Хозяин дома, которого назвали Эйно, подошел неторопливо к Ивану, не сводя с него глаз, и остановился в двух шагах. Его старший сын подошел тоже, но остановился подальше и виновато облокотился голым локтем о рябину.
— Фы русский? — негромко спросил Эйно и склонил голову немного набок в ожидании ответа.
— Да! — обрадовался Иван, услышав родной, хотя и не совсем чистый язык. — Я русский, из города, у меня есть документы… Я ищу людей, у которых можно покосить… Я деловой, я умею косить, бочки делать, корзины, лапти…
— О, лапти — нет, — улыбнулся Эйно, и его угрюмое лицо сразу преобразилось, сделавшись добрым.
Иван смутился от своей скороговорки и от того, что его так шутливо прервал этот спокойный финн. Он потупился, поправил ногой свои мешки.
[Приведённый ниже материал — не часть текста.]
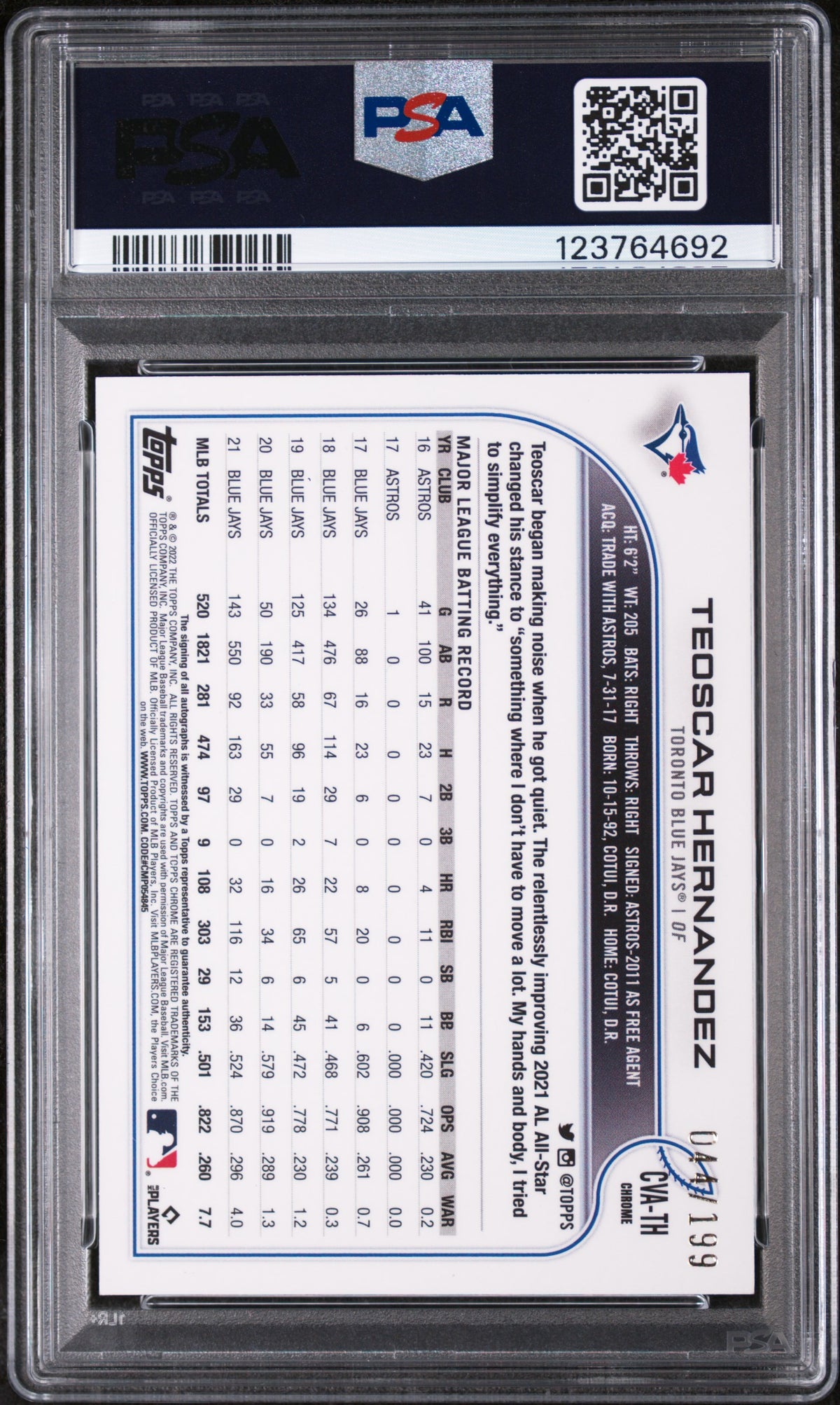 With this card, you're not just getting any ordinary one, but an autographed piece by Teoscar Hernandez himself, a prominent player in the Toronto Blue Jays team. It's a tangible piece of MLB history that any fan would be proud to own.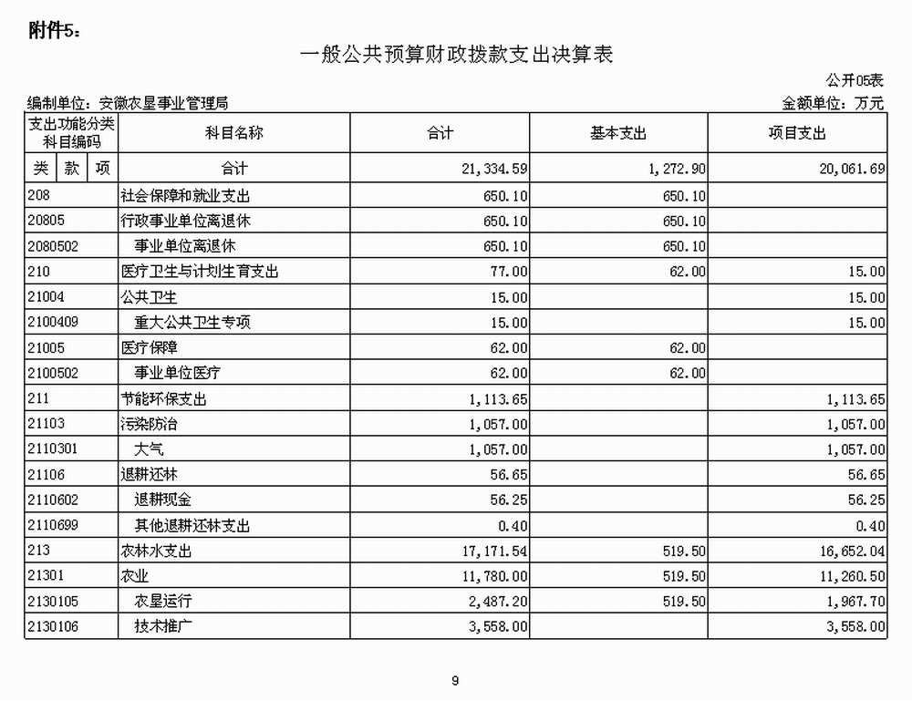 5.安徽省農墾事業(ye)管理局一般公共預算財政(zheng)撥款支出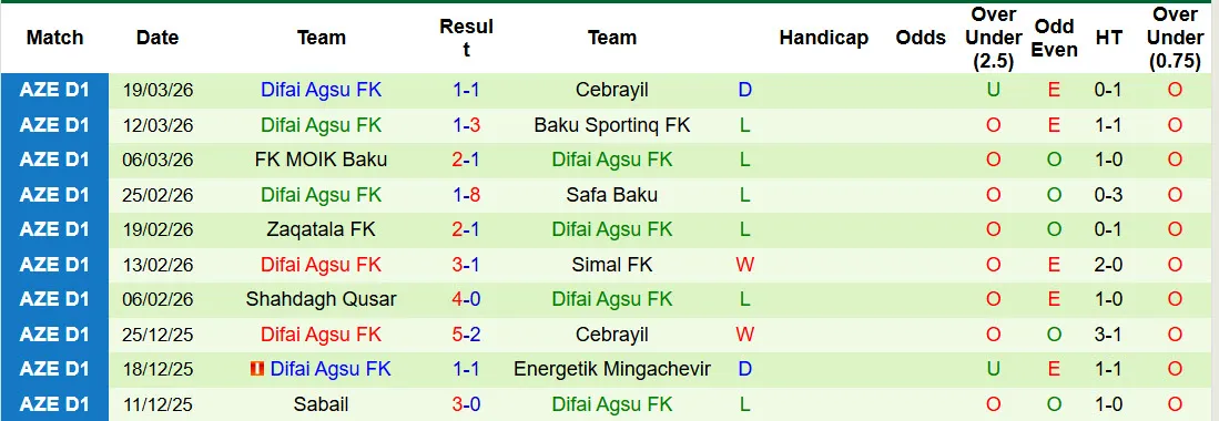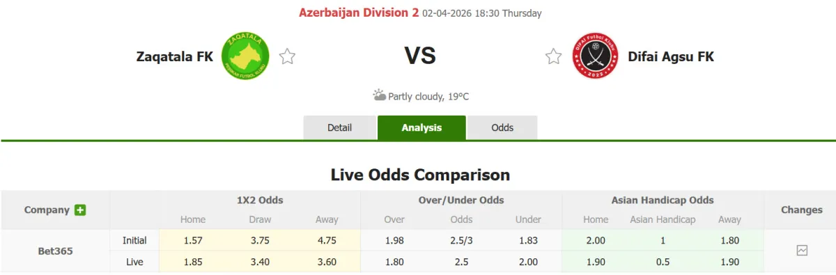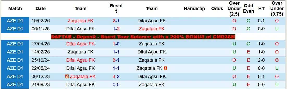 Zaqatala FK thắng kèo 2/3 trận sân nhà mới đây có cược chấp châu Á. Difai Agsu để thua kèo cả 2 trận sân khách vừa rồi có trên sàn giao dịch châu Á.

Сын Эйно повернул к Ивану свое широкое и тоже, как у отца, доброе лицо с ямочками на щеках и с легким любопытством смотрел на неизвестного. Иван взглянул на него — и тот, переступив, стал смотреть в сторону и поглаживать ладонью волосы. Ивану это понравилось. По опыту он знал, что за такого рода смущением у молодых людей кроется порядочность, у пожилых — неспокойная совесть.
— А бочки — это хорошо, — продолжал финн, произнося слово «бочки», как «почки». — Фы будешь тут иметь покупатель многа. А косить немнога можна.
— Вот и ладно, — улыбнулся наконец Иван.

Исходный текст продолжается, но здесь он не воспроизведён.